Supplied information START

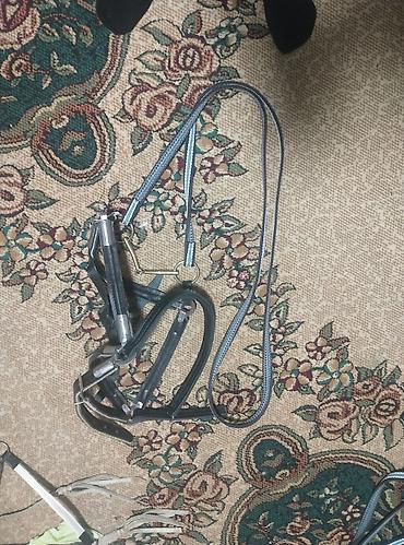 - Поводья: плетёные/текстильные, двуслойные, серо‑синие, с кожаными креплениями к трензелю.
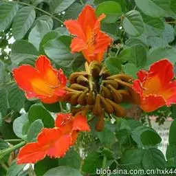 火焰木,又名苞萼木、喷泉树,为紫葳科常绿大乔木,株高10—20米,叶为奇数羽状复叶,对生,较大,斜…
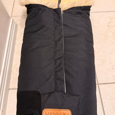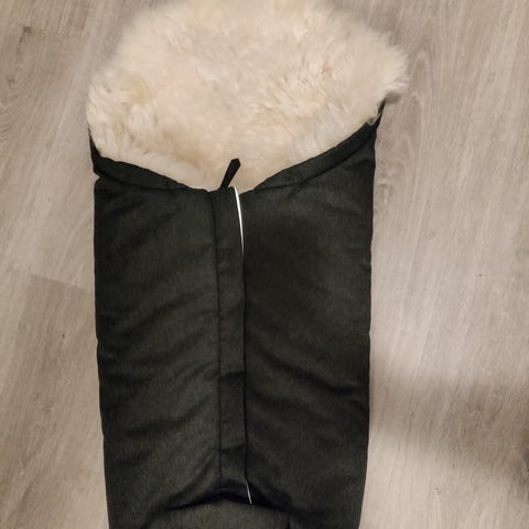 Nordlys mustavalkoinen lampaantaljalämpöpussi. Vetoketju ja nepparit edessä. Takana aukot viispistevaljaille. Hyvä käytetty kunto, hieman talja nukkaantunut vauvan pään kohdalta.
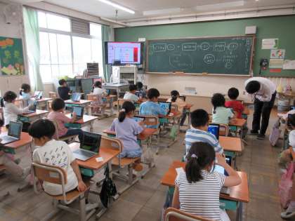 1年生は5月からGIGA端末での学習を始め、今ではいろいろな使い方ができるようになりました!
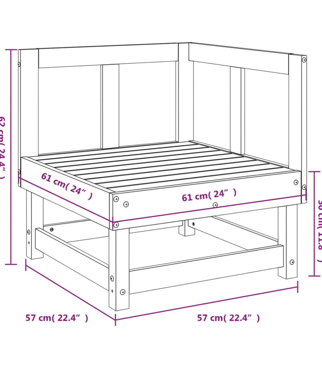 Afmetingen: 61 x 61 x 62 cm (B x D x H)

Supplied information END

• About this task:
Leave out the pictures, then return every line of the data exactly.

• Output of the task:
 - Поводья: плетёные/текстильные, двуслойные, серо‑синие, с кожаными креплениями к трензелю.
 火焰木,又名苞萼木、喷泉树,为紫葳科常绿大乔木,株高10—20米,叶为奇数羽状复叶,对生,较大,斜…
 Nordlys mustavalkoinen lampaantaljalämpöpussi. Vetoketju ja nepparit edessä. Takana aukot viispistevaljaille. Hyvä käytetty kunto, hieman talja nukkaantunut vauvan pään kohdalta.
 1年生は5月からGIGA端末での学習を始め、今ではいろいろな使い方ができるようになりました!
 Afmetingen: 61 x 61 x 62 cm (B x D x H)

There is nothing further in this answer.